#### The data ####

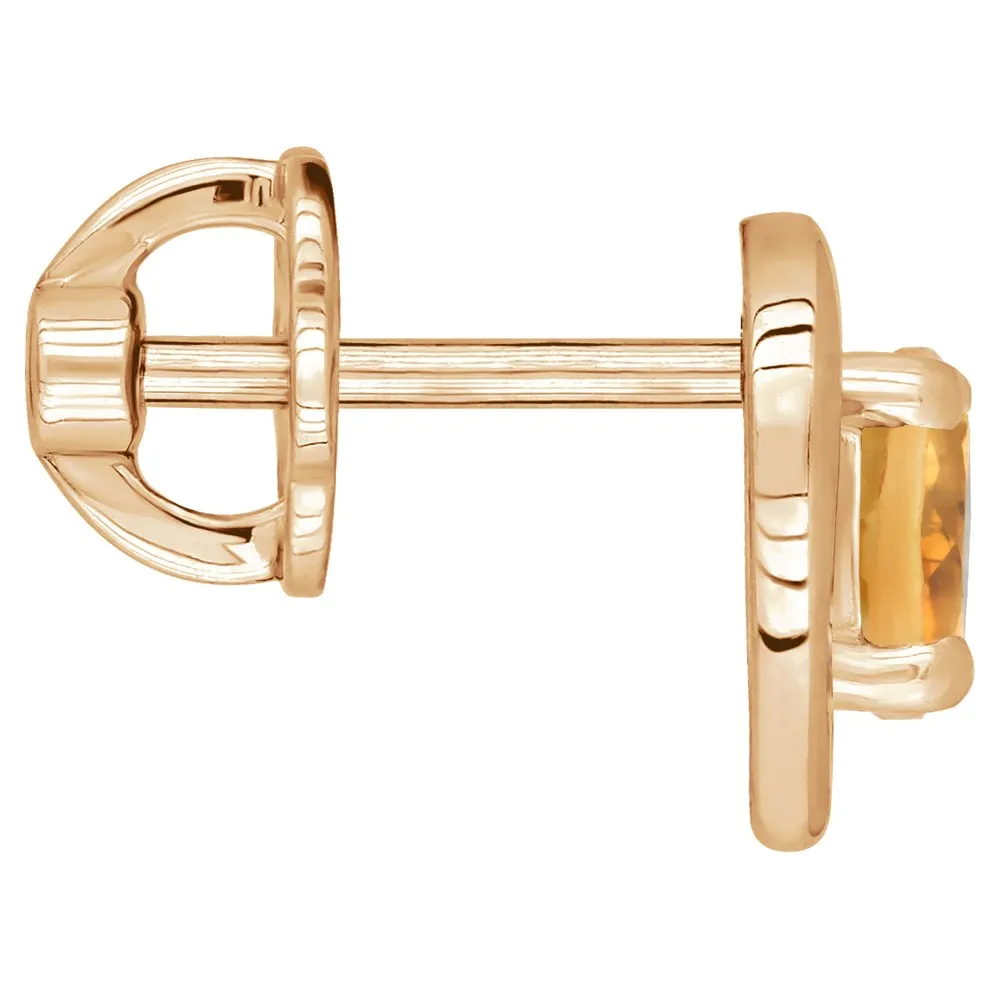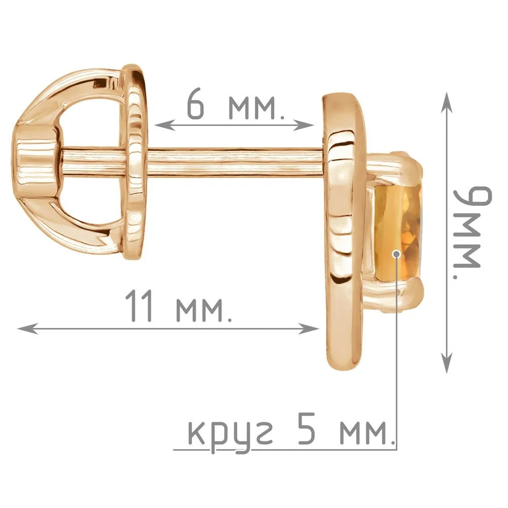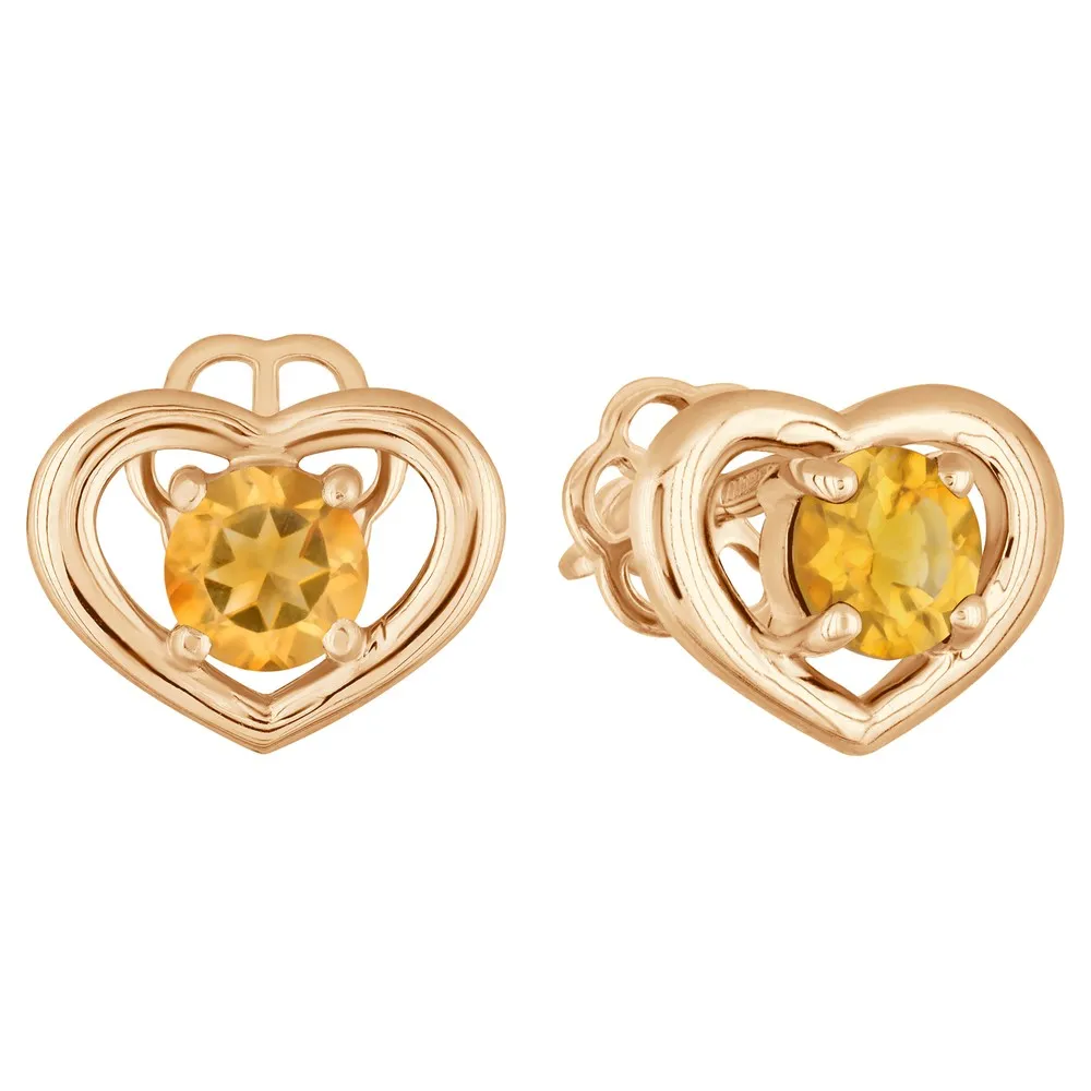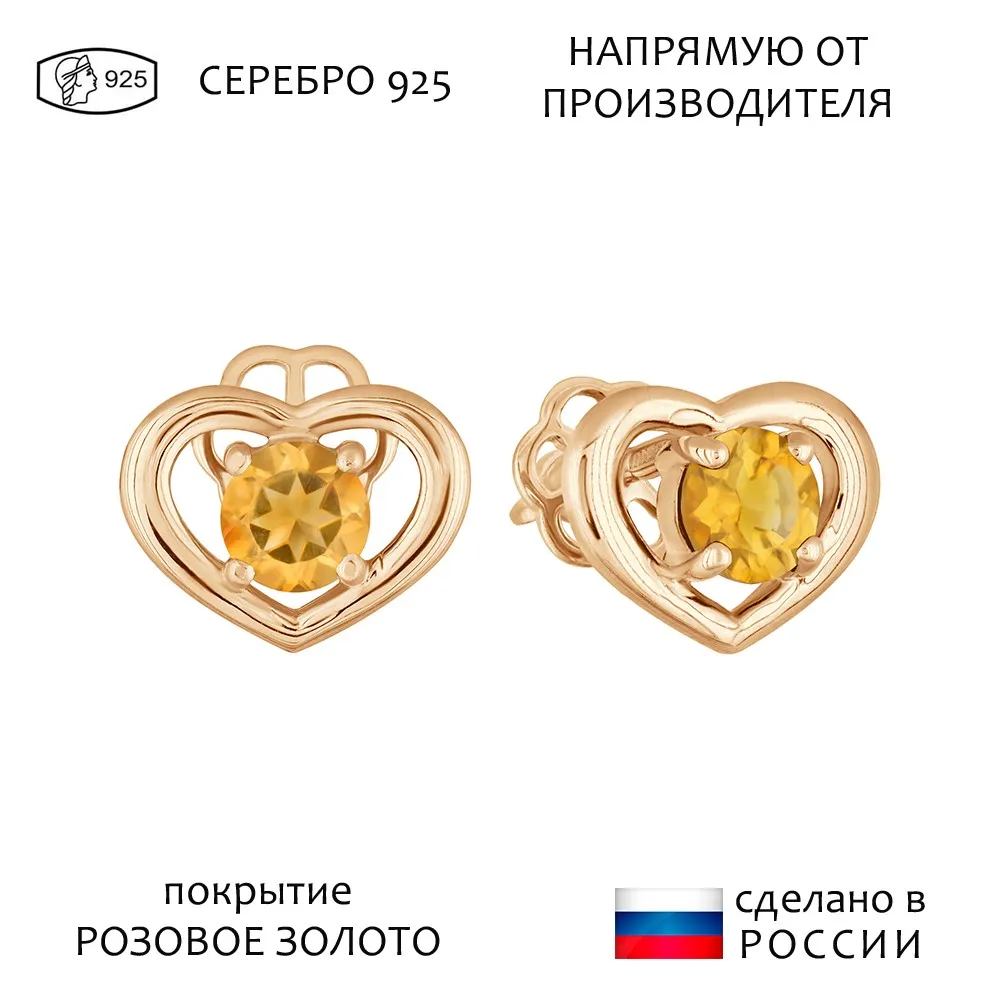 Серебряные серьги гвоздики (пусеты) с натуральным цитрином - Сердце / покрытие Розовое Золото.
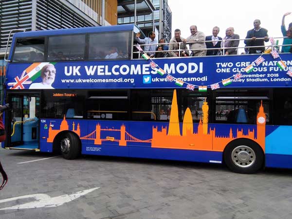 భారత్ను స్వాగతించిన లండన్: మోడి కోసం లండన్ ఎక్స్ప్రెస్ బస్సు.
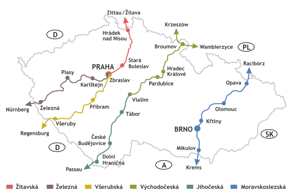 Andere interessante plaatsen langs de route zijn Pardubice en Kutná Hora. Pardubice staat bekend om zijn traditionele peperkoek en de paardenrace Velká Pardubická. In Kladruby nad Labem bevindt zich een eeuwenoude stoeterij, die eveneens op de UNESCO-werelderfgoedlijst staat.
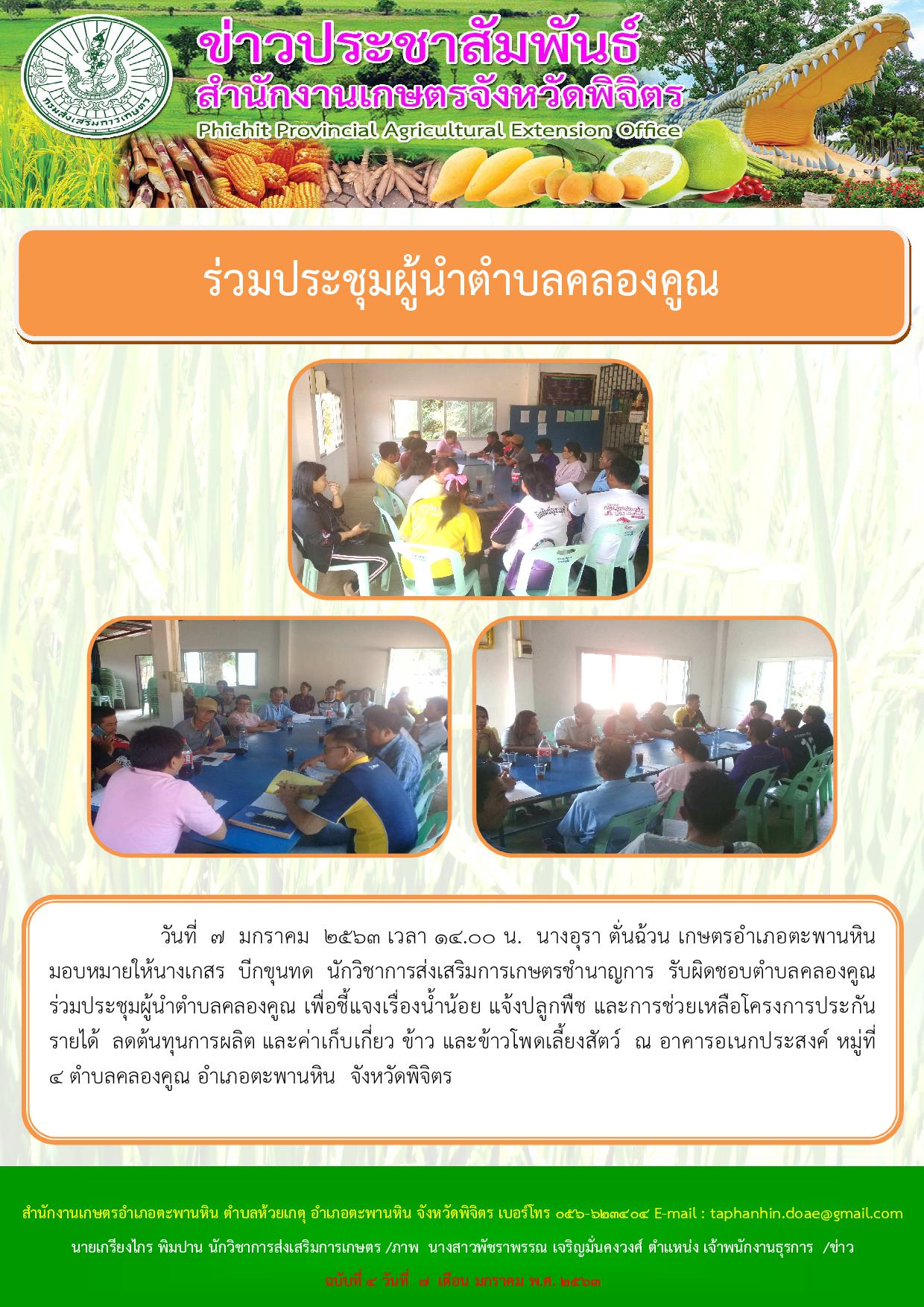 วันที่ 7 มกราคม 2563 เวลา 14.00 น. นางอุรา ตั่นฉ้วน เกษตรอำเภอตะพานหิน มอบหมายให้นางเกสร บีกขุนทด นักวิชาการส่งเสริมการเกษตรชำนาญการ รับผิดชอบตำบลคลองคูณ ร่วมประชุมผู้นำตำบลคลองคูณ เพื่อชี้แจงเรื่องน้ำน้อย แจ้งปลูกพืช และการช่วยเหลือโครงการประกันรายได้ ลดต้นทุนการผลิต และค่าเก็บเกี่ยว ข้าว และข้าวโพดเลี้ยงสัตว์ ณ อาคารอเนกประสงค์ หมู่ที่ 4 ตำบลคลองคูณ อำเภอตะพานหิน จังหวัดพิจิตร

####

• [Required work]: When copying the material, leave every image behind and keep each line verbatim.

• [Task result]:
 Серебряные серьги гвоздики (пусеты) с натуральным цитрином - Сердце / покрытие Розовое Золото.
 భారత్ను స్వాగతించిన లండన్: మోడి కోసం లండన్ ఎక్స్ప్రెస్ బస్సు.
 Andere interessante plaatsen langs de route zijn Pardubice en Kutná Hora. Pardubice staat bekend om zijn traditionele peperkoek en de paardenrace Velká Pardubická. In Kladruby nad Labem bevindt zich een eeuwenoude stoeterij, die eveneens op de UNESCO-werelderfgoedlijst staat.
 วันที่ 7 มกราคม 2563 เวลา 14.00 น. นางอุรา ตั่นฉ้วน เกษตรอำเภอตะพานหิน มอบหมายให้นางเกสร บีกขุนทด นักวิชาการส่งเสริมการเกษตรชำนาญการ รับผิดชอบตำบลคลองคูณ ร่วมประชุมผู้นำตำบลคลองคูณ เพื่อชี้แจงเรื่องน้ำน้อย แจ้งปลูกพืช และการช่วยเหลือโครงการประกันรายได้ ลดต้นทุนการผลิต และค่าเก็บเกี่ยว ข้าว และข้าวโพดเลี้ยงสัตว์ ณ อาคารอเนกประสงค์ หมู่ที่ 4 ตำบลคลองคูณ อำเภอตะพานหิน จังหวัดพิจิตร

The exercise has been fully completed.